### Records to process
· · · · · · ·
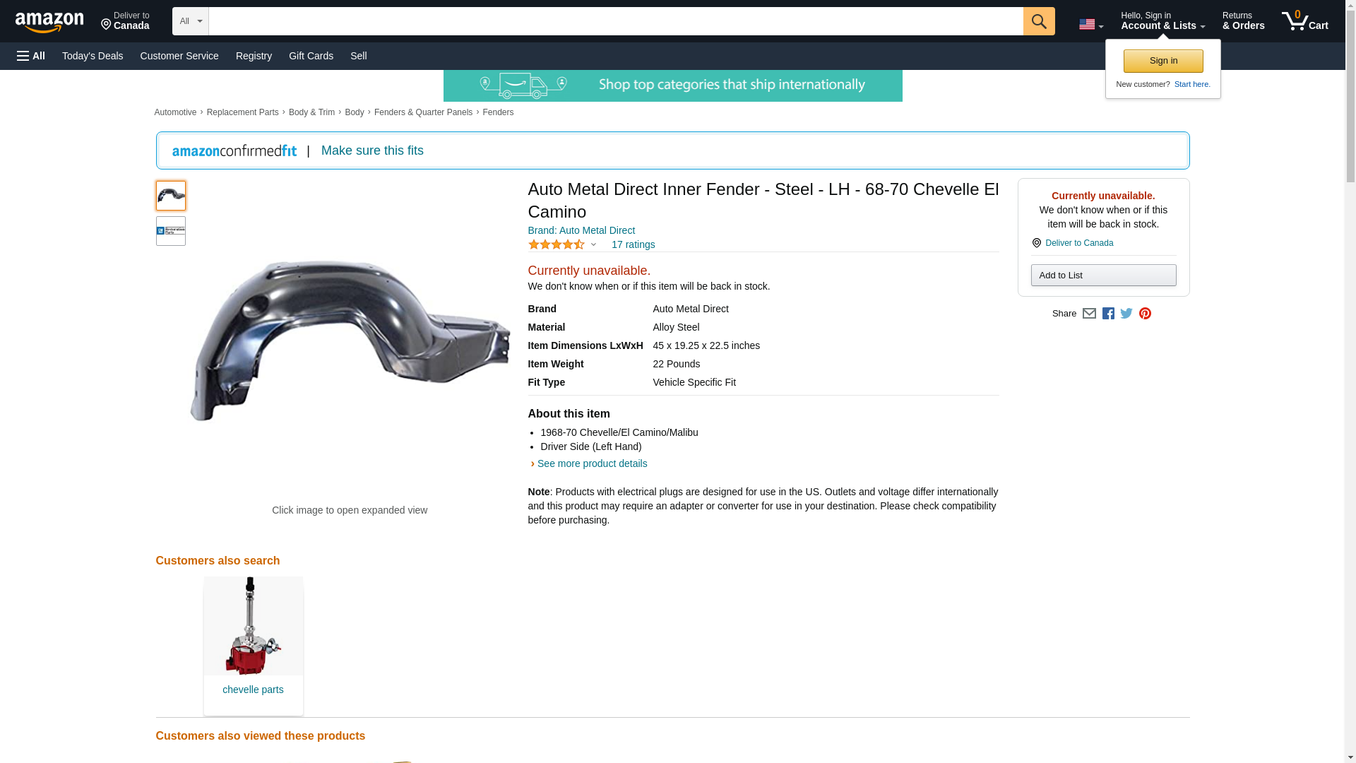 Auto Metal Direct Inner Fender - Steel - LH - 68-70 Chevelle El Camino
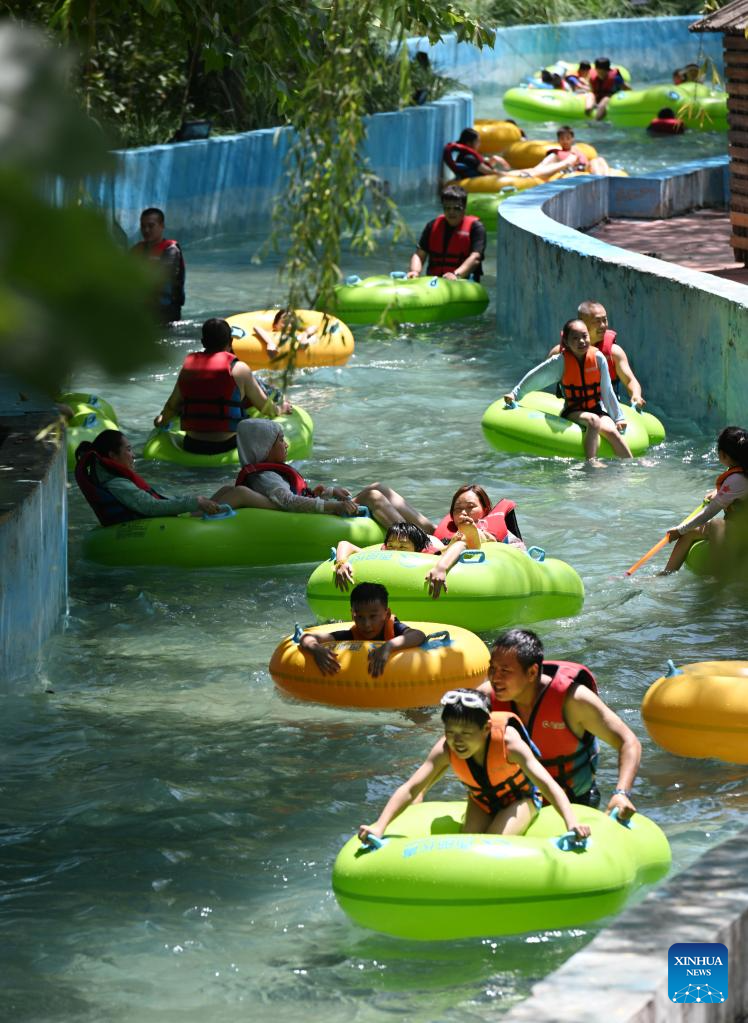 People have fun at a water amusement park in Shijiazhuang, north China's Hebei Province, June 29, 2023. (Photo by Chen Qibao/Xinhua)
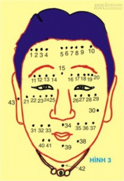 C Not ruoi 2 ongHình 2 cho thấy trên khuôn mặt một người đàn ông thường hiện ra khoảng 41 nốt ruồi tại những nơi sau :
· · · · · · ·
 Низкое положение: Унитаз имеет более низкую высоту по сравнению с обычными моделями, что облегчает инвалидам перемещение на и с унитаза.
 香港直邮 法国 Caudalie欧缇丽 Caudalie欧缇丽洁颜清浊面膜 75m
· · · · · · ·
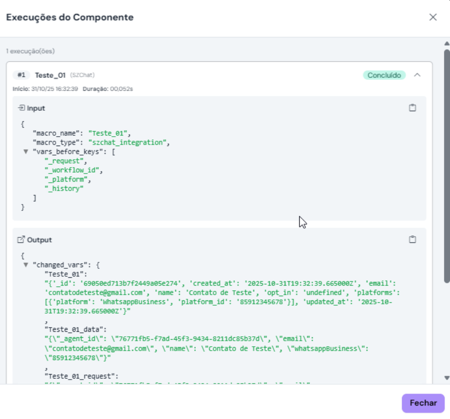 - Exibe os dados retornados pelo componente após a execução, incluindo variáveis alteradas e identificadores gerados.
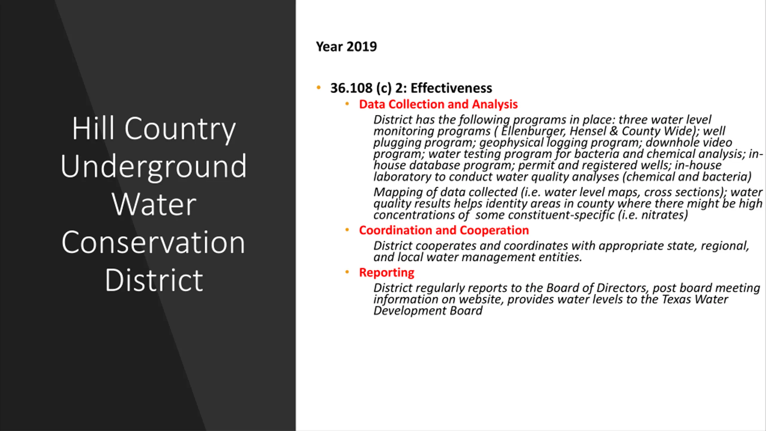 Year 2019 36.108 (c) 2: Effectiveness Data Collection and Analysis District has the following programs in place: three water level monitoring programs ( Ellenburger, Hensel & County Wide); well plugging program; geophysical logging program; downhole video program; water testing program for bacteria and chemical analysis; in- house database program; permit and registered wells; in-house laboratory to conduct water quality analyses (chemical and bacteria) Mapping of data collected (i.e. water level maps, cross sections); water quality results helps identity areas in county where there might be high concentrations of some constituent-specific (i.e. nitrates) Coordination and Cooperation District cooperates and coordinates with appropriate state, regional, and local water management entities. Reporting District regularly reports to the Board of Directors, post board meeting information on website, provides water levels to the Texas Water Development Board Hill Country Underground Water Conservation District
· · · · · · ·
### Exercise brief
Only one stretch of the listing is wanted: the lines starting at the one with "Auto Metal Direct" and ending at the one with "C Not ruoi 2", copied exactly and free of pictures.

### Written solution
 Auto Metal Direct Inner Fender - Steel - LH - 68-70 Chevelle El Camino
 People have fun at a water amusement park in Shijiazhuang, north China's Hebei Province, June 29, 2023. (Photo by Chen Qibao/Xinhua)
 C Not ruoi 2 ongHình 2 cho thấy trên khuôn mặt một người đàn ông thường hiện ra khoảng 41 nốt ruồi tại những nơi sau :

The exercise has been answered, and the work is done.